Когда уже в 1862 году явления были официально признаны Церковью, ее постарались укрыть в доме, где жили монахини того же прихода. Но этот дом не был для нее надежной защитой, и Бернадетте часто приходилось самой укрываться от нескромного любопытства слишком многих людей, часто даже от тех, кто хотел "устроить ее жизнь", обещая ей деньги и успех.
Главной ее заботой стало укрыться от чрезмерного любопытства и шумихи: лучшим выходом из положения ей казалась монашеская жизнь, но у нее не было для нее ни призвания, ни здоровья, ни особых способностей.
Епископу, спрашивавшему у нее, что она намерена делать, она смиренно отвечала: "Я не умею ничего... Я ни на что не годна!".
"Неважно, - отвечал тот, - мы попробуем найти для вас какое-нибудь дело".
Так в 22 года она стала послушницей в неверском монастыре, сестры которого работали в ее маленьком приходе, но и там ей было нелегко укрыться среди других 44 послушниц, как ей это обещали, и колокол большого монастыря звонил без конца. Часто приезжали люди, отказать которым было невозможно. Часто приезжали официальные историки, которые хотели расспросить ее и заставить в тысячный раз повторить весь рассказ.
В 1867 году Бернадетта принесла малые обеты, и в конце произошел эпизод, тягостный и драматичный одновременно, потому что в нем содержалось скрытое пророчество и суд Божий над человеком - смиренным орудием, которое Он избирает.
Речь идет вот о чем: после принесения обетов молодые монахини "получают послушание": им указывают монастырь конгрегации и обязанности, которые они должны исполнять. Никто из послушниц никогда не остается в материнском доме, где они проходят послушание и который является самым престижным монастырем, куда монахини обычно попадают после многих лет "честного служения".
Однако Бернадетта должна была там остаться, потому что в маленьких монастырях нельзя было надежно защитить ее. Она должна была остаться, но ни она, ни другие молодые монахини не должны были думать, что она пользуется какими-то привилегиями.

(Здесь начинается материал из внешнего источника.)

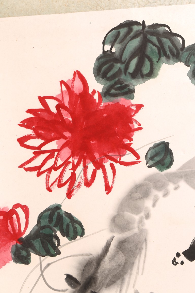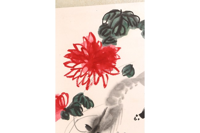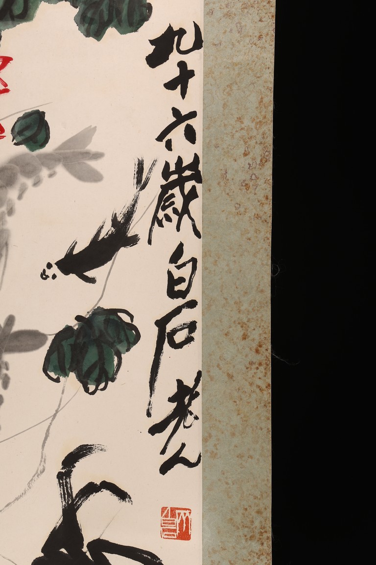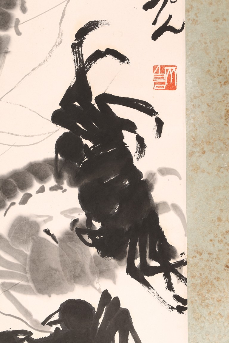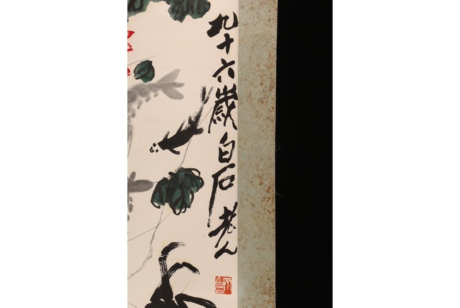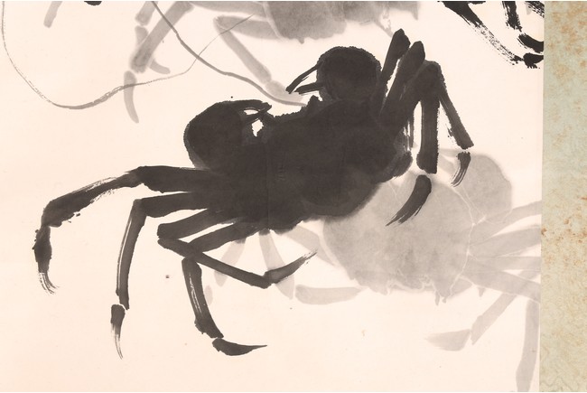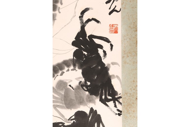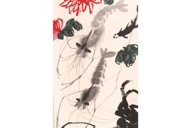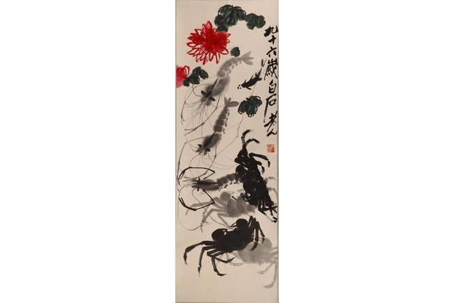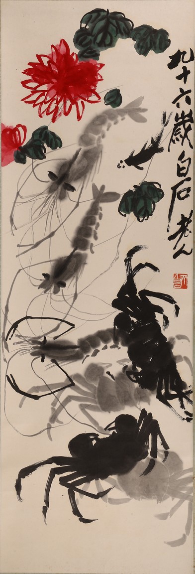 Color and ink on paper. Shrimps, crabs, and fish. Mounted on paper. Signed Baishi Laoren, with one seal mark, dated to 1956 or 1957.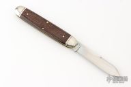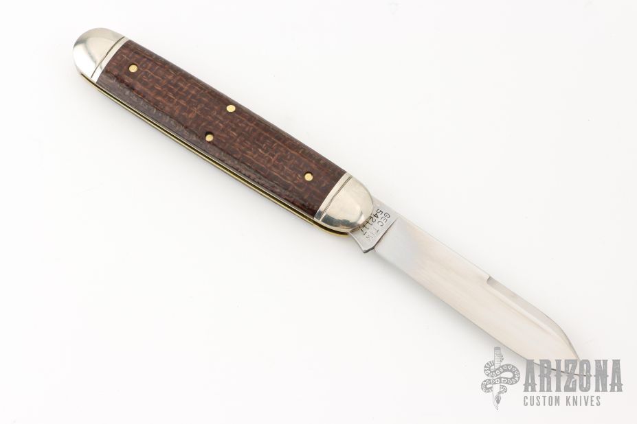 This Big Jack by Great Eastern Cutlery features a polished blade with long pull nail nick and false top edge. The handle has fluted nickel silver bolsters and butt, brown burlap micarta scales with nickel silver leaf escutcheon, brass liners, and a stainless steel backspacer. Comes with original tube and wax paper. Excellent condition.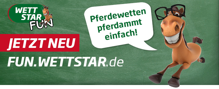 Neustadt, 27. Juni 2021: Die Marke WETTSTAR, Deutschlands bedeutendster Wettanbieter für Pferdewetten im Galopp- und Trabrennsport, erweitert sein Online-Angebot. Neben der bestehenden Plattform geht am 27. Juni 2021 eine weitere Website für Einsteiger an den Start. Die neue Homepage FUN.WETTSTAR.de bietet eine simplifizierte Oberfläche für Neulinge. Schnell lernen die Kunden hier die einfachsten Wettarten, sowie das wichtigste „Know How“ rund um den Pferderennsport. Spielend leicht erklärt der Wettvermittler dort, wie man unkompliziert seine erste Wette abgibt.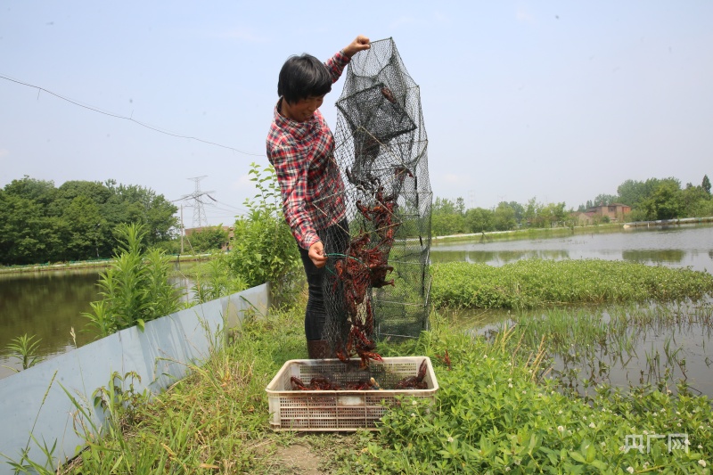 “我们每天早晨都要发货几百斤,四五点就要起来工作,确保把最新鲜的小龙虾送到大家的餐桌上。”陶龙行是合作社的老员工了,伴随着哗哗的水声,她熟练地将沉浸在水中的地笼慢慢提起,再轻抖几下,一只只小龙虾便滚落框中。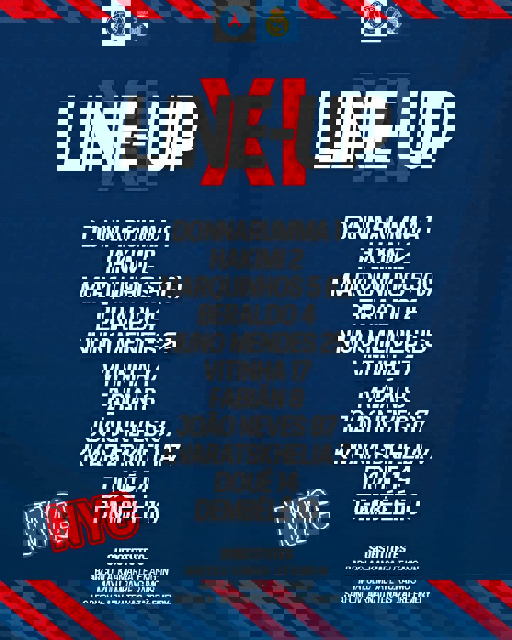 ترکیب پاری سن ژرمن: دوناروما، حکیمی، مارکینیوش، برالدو، مندس، روئیز، ویتینا، ژوائو نوس، دزیره دوئه، دمبله، کواراتسخلیا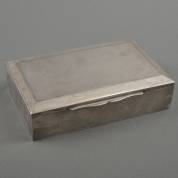 Rechthoekige 2e gehalte zilveren sigarendoos met geguillocheerd decor en houten interieur, brutogewicht 637 gram, circa 5 × 21 × 13 cm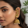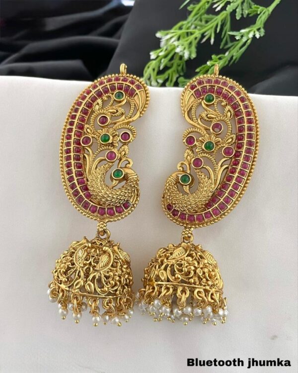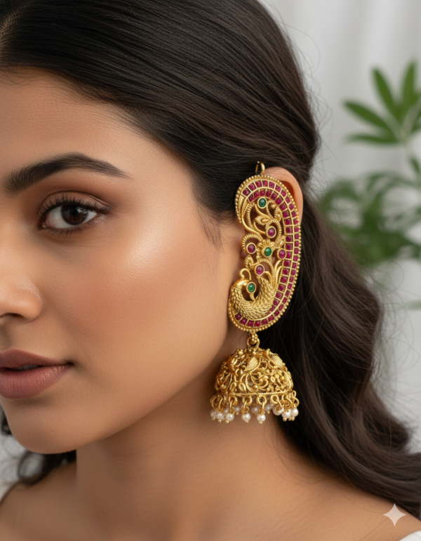 Elevate your ethnic ensemble with these breathtaking Peacock Motif Ear-Cuff Jhumkas. Meticulously crafted to mirror the grandeur of traditional Indian temple jewelry, these earrings feature a sweeping ear-cuff (Kaan-Chain style) that beautifully contours the outer ear.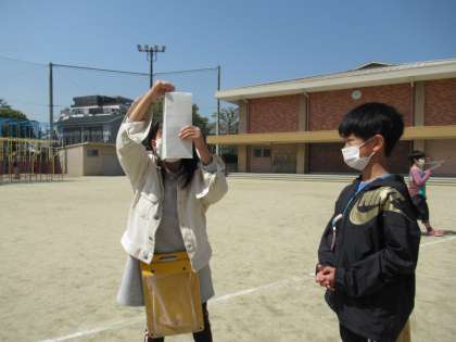 快晴の今日は,1日の気温にどのような変化が見られるのかをわくわくしながら調べていました。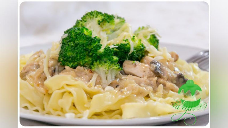 Феттуччине (итал.,от fettuccia - ленточка) - один из популярных в Италии видов пасты.Это тонкие плоские полоски теста шириной около 7 мм, которые подаются с различными соусами.По рецепту должна быть брокколи, но я заменила ее шпинатом.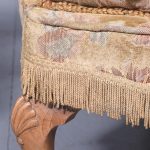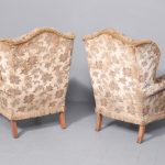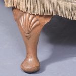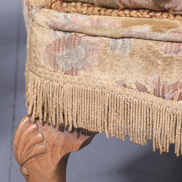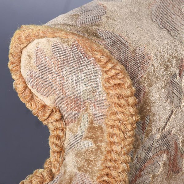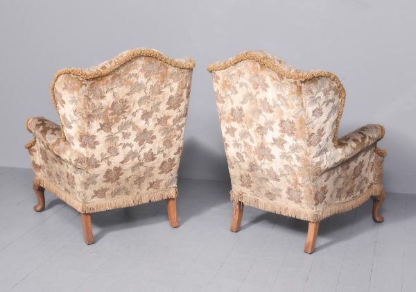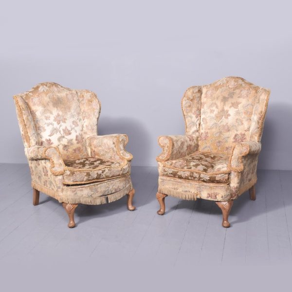 Circa 1920’s a quality pair of George I style wing chairs, the shaped chairs in cotton colour velour with a raised back with2 shaped wings, with all of the frame upholstered, with removable feather filled cushion, with simple slightly splayed back leg, the front legs with a short carved cabriole legs with shells on the top finishing on a simple elegant pad foot.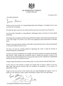 The letter sent by Liz Truss, the Prime Minister, to Kwasi Kwarteng, on 14 October 2022.

Поэтому сестры заранее подготовили сложный сценарий: монахини, принесшие обеты, одна за одной проходили перед епископом и получали назначение. Все делали вид, будто забыли о Бернадетте, потом, в последний момент, когда церемония подходила к концу, вдруг как бы вспомнили о ней, призвали ее, и между главной настоятельницей и епископом произошел следующий тщательно разработанный диалог:
"- Что нам делать с сестрой Марией-Бернардой?
- Монсиньор, она ни на что не годна. Однако мы можем оставить ее Христа ради в материнском доме и использовать как прислугу в больнице. Она почти всегда больна. Это и будет ее служение".

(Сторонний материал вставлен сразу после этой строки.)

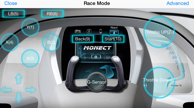 赛车模式 - 使用手机上的重力感应来玩电脑上的赛车游戏,完美支持各种赛车游戏,如极品飞车系列,尘埃系列等。。。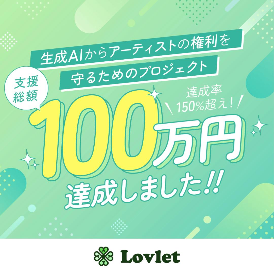 この度は、クラウドファンディング「アーティスト・クリエイターの権利を保護する学術研究プロジェクト」に多くのご支援を賜り、誠にありがとうございました。本クラウドファンディングは2025年3月13日より募集を開始し、79日間で316名の方々から1,710,000円のご支援をいただき、目標金額の171%を達成することができました。皆さまの温かいご支援に、心より御礼申し上げます。支援金の使途について今回のクラウドファンディングは、本課題に対する研究費の募集ではなく、多くの方が安心して作品を公開できる場を継続的に提供するための運用費の調達を一番の目的としていました。これは、研究者各自が獲得している科研費などの研究費は、研究以外の用途には使用できないことによります。そのため、今回いただいたご支援金は、目標金額を超えた分も含め、全てプラットフォームの運用費に充てさせていただきます。私たちのサービスでは、すべてのユーザー(未ログインの閲覧者を含む)に対して、投稿されたすべてのオリジナル画像について、アクセスされるたびに署名付きURLを毎回発行しています。これらの仕組みにより、機械による画像の収集・解析を困難にしながら、人間の閲覧者にとっては快適な閲覧体験を提供しています。運用には決して安価でないコストがかかりますが、皆さまからのご支援金を大切に活用し、5年、10年と継続的な運営を目指してまいります。リターン実施完了のお知らせご支援への感謝として、掲載をご希望された支援者様のお名前を、特設ページにて掲載させていただいております。リンク先をご確認のうえ、お名前の誤記や記載漏れ等がございましたら、お手数ですが、CAMPFIREのメッセージ機能よりご連絡ください。URL: https://lovlet.jp/supportersクラウドファンディング支援者限定バッジの付与対象者は、ログイン後「設定」ページにて、バッジの表示・非表示を選択いただけるようになっています。対象者で設定項目が表示されない場合も、同様にメッセージ機能よりご連絡ください。URL: https://lovlet.jp/settings最後に今後も、長期的な運用と、技術の進展や状況に応じた適切なアップデートを継続していけるよう努めてまいります。また、サービス内の設定ページから有料会員(月額550円から)としてご登録いただくことで、今後の運用を支える大きな助けとなります。もしご賛同いただけましたら、ぜひこちらからのご支援もご検討いただけますと幸いです。長期的な課題解決に向けて尽力してまいりますので、今後ともどうぞよろしくお願いいたします。Lovletプロジェクトメンバー一同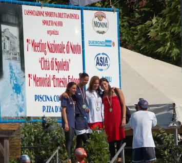 “Sono molto soddisfatto – ha detto l'assessore allo sport Gilberto Stella – per questo evento che ha richiamato in città tantissimi atleti, i loro allenatori e familiari. I miei complimenti all'organizzazione, a tutti gli atleti e in particolare a quelli spoletini”. Due su tutti i 'locali' che si sono messi in luce. Giulia Canolla (Spoleto Nuoto) ha vinto i 50 rana in 32'89″, conquistando la terza prestazione italiana dell'anno, e Matteo Montesi (tesserato oggi con la D.D.S. Milano) che ha vinto i 50 stile in 23'48″, tempo che gli consente di guadagnare l'accesso alla finale ai Campionati Assoluti.

Однако здесь диалог принял неожиданное направление, как будто в него властно вмешался Святой Дух. Епископ с нежностью посмотрел на Бернадетту и спросил ее: "Правда ли, что вы ничего не умеете делать?".
"Это правда, - ответила она, - я вам это уже говорила, но вы уверили меня, что это не важно".
Тогда епископ торжественно и внушительно сказал: "Вам я поручаю молитвенное служение". Так оно и случилось.
Вся монашеская жизнь Бернадетты была отмечена всевозрастающим опытом страдания и молитвы.
Ее молитва - это непрестанный смиренный разговор с небом, хотя теперь, когда явления кончились, оно, казалось, было закрыто для нее более, чем для какого-либо другого смертного, на протяжении ее земного пути.
Для Бернадетты само воспоминание о явлениях все больше отходило в прошлое и таяло: все мало-помалу погружалось в забвение, и она не делала ничего, чтобы удержать и оживить образы и события.
Постоянные назойливые требования уточнить даты и детали (в то время некоторые историки уже спорили друг с другом) смущали ее, потому что ей уже не удавалось вспомнить все точно.
В конце концов она попала в лазарет. Сперва она с необычайной нежностью ухаживала за другими больными, проявляя точность, способности и даже культуру медицинского обслуживания, поразительную для человека, которому так и не удалось научиться ничему.